# Day 1 of NC....My Heart Hurts



## msgarcia000 (Aug 7, 2012)

Hello dearest heart buddies,

This morning I am feeling worst than yesterday. I guess reality is starting to kick in that this person who I thought was always honest, loved me to death, kissed me all the time and wanted to always be with me, lied to me about everything. It was 2 years of lies and deception. My heart is so much in pain, I don't know how much longer I can take this. He never loved me, not even a little bit, and it is killing me.

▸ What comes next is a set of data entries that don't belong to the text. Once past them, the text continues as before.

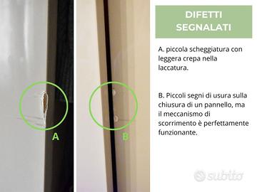 - Minimi segni di usura sulla chiusura di un pannello, ma il meccanismo di scorrimento è perfettamente funzionante.
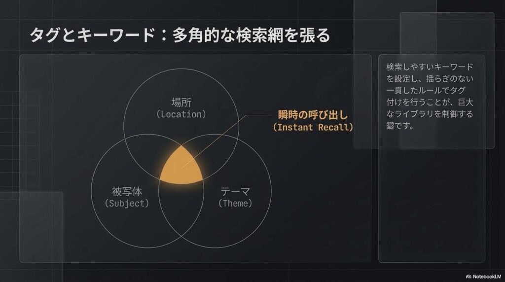 これらに加え、検索をさらに容易にするため、被写体や場所(Subject/Place)を反映した「タグ」や「キーワード」を一貫して付与することが、検索性を最大化する鍵となります。
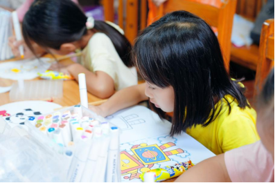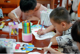 团扇,是悠久的中华传统文化之一,承载着独属于中华民族的浪漫情怀。宣讲结束后,活动进入趣味盎然的实践环节——手绘团扇。在促进团成员们的指导下,孩子们拿起画笔,在洁白的团扇上尽情挥洒创意,创作出“民族团结之花绽放扇面”“壮美广西风光入画来”“人工智能梦想跃然纸上”等作品,一把把小小的团扇瞬间化作承载着孩子们爱国情感与家乡自豪感的艺术品,把中华优秀传统文化和溢满扇面的殷殷爱国之情完美结合,在弘扬与传承中邂逅中国诗意的浪漫。
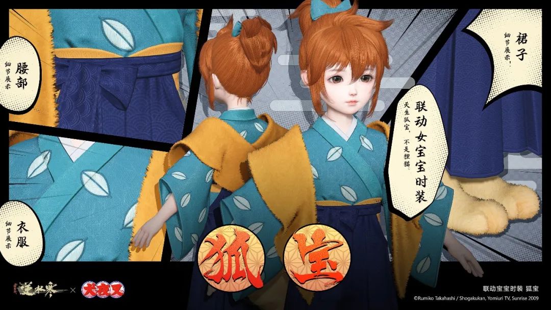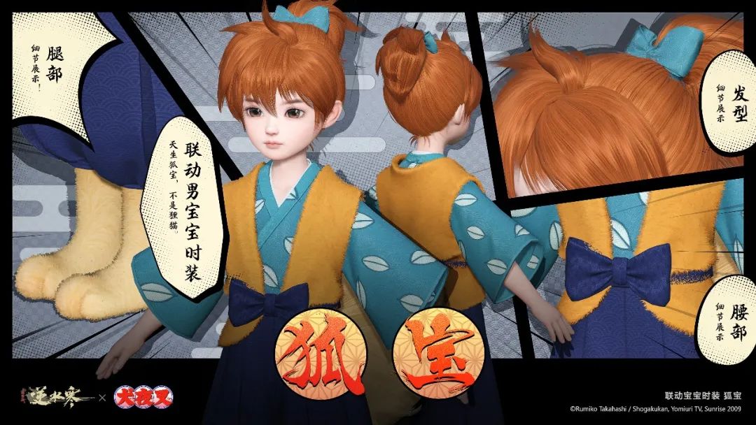 上身為內(nèi)里一件藍(lán)綠襯衣點(diǎn)綴葉片紋樣,外搭一件毛絨絨的橘色外套。男寶寶的下身是一條深藍(lán)色嵌魚鱗暗紋的燈籠褲,女寶寶下身則改良自巫女服的緋袴。
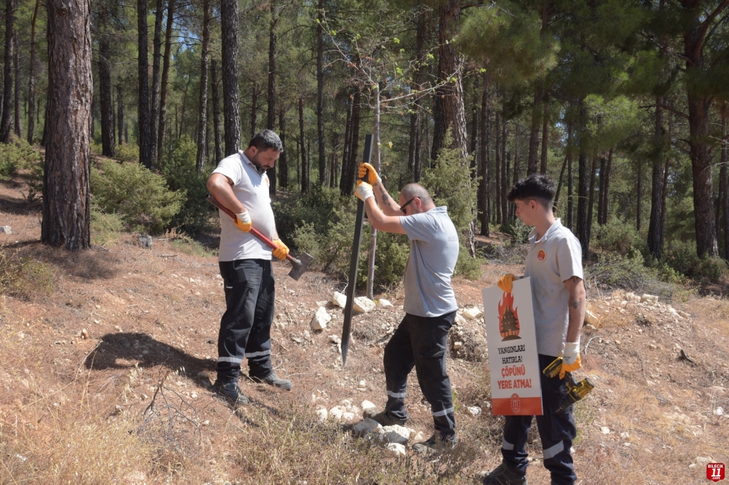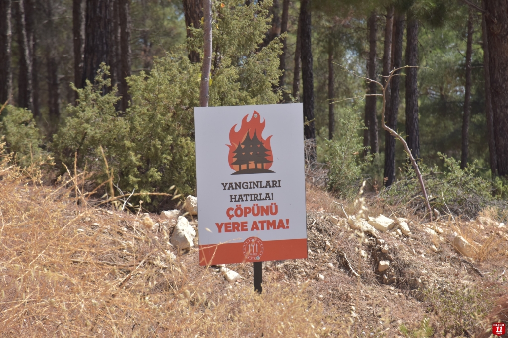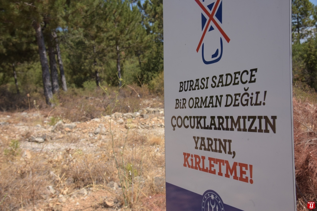 “Geleceğe Saygın Varsa Kirletme”, “Burası Sadece Bir Orman Değil, Çocuklarımızın Yarını”, “Yangınları Hatırla Çöpünü Yere Atma” ve “Her Çöp Bir Kıvılcım Olabilir” ifadelerinin bulunduğu levhalar, vatandaşlara doğayı koruma çağrısı yaptı.

Today is day 1 of NC. Yesterday should of been day 1 but he texted me about some stuff that I left in the apartment and then in the night he called once, I didn't pick up though. I guess he was calling me to find out if I dropped the class that I shared with him. That's another thing, I share a Portuguese class with him that I cannot get out of because it is necessary for me to graduate. I will not go this week but next week I have to. It will be one of the hardest things to do but I will go with a smile.

Why does it have to be so painful? Urgh this sucks.

Question: How did you stop feeling the pain and how long does this last? 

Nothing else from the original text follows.